Com o texto expresso na Constituição proposto pela reforma administrativa, a intenção do Governo é enterrar, de vez, qualquer possibilidade de estabilidade em estatais. O argumento do Executivo é dar “tratamento equânime entre empresas estatais e privadas”, reforçando “a importância da livre iniciativa para o desenvolvimento da economia”.
A PEC 32/2020 restringe a concessão de outros direitos de servidores e empregados públicos, inclusive de empresas estatais. Alguns são:
- Férias em período superior a 30 dias por ano;
- Adicionais por tempo de serviço;
- Aumentos com efeitos retroativos;
- Licença-prêmio, licença-assiduidade ou outra licença decorrente de tempo de serviço, exceto se decorrente de limitação de saúde;
- Adicionais ou indenizações por substituição;
- Progressão ou promoção com base apenas no tempo de serviço;
- Incorporação, total ou parcial, da remuneração de cargo em comissão, função de confiança ou cargo de liderança e assessoramento ao cargo efetivo ou emprego permanente.

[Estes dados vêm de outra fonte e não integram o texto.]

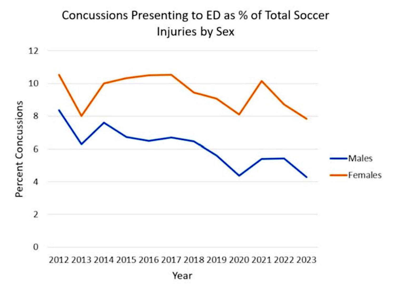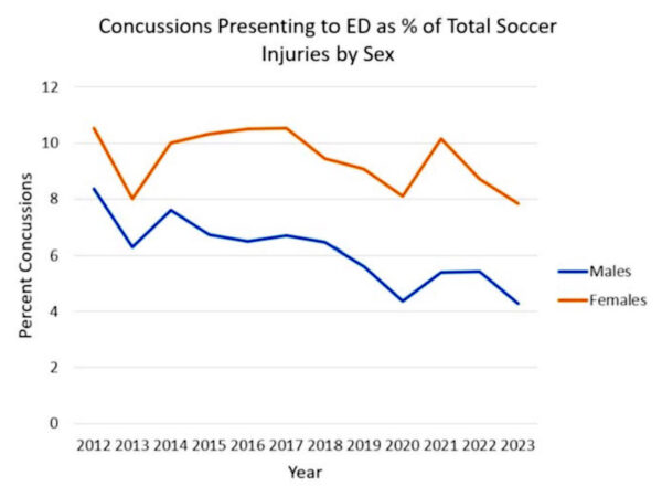 A retrospective cohort from the National Electronic Injury Surveillance System (NEISS) database was assessed. Age, sex, and injury type were extracted for all soccer-related emergency department visits between January 1st, 2012, and December 31st, 2023. Univariate and multivariable regression analyses were conducted to assess concussions as a percentage of all soccer-related injuries based on sex, age group, and year.

Para virar lei, a Reforma Administrativa precisa ser analisada pelo Congresso Nacional. Por se tratar de uma Proposta de Emenda à Constituição (PEC), deve ser aprovada em duas votações na Câmara e duas no Senado, por três quintos dos parlamentares das Casas - 308 de 513 deputados e 49 de 81 senadores.
Até lá, a Fenae e demais entidades sindicais e representativas dos empregados vão realizar campanhas de mobilização da sociedade sobre os perigos da reforma e sensibilizar os partidos para impedir o desmonte do Estado pelo governo Bolsonaro. Para a Fenae, a PEC 32/2020 tem falhas conceituais graves e deve ser rejeitada pelo Congresso. “A mobilização dos servidores e empregados será fundamental para impedir a aprovação da Reforma. É preciso ter responsabilidade com o serviço público e proteger o Estado da destruição pretendida pelo governo privatista de Bolsonaro e Paulo Guedes”, ressalta o presidente da Fenae.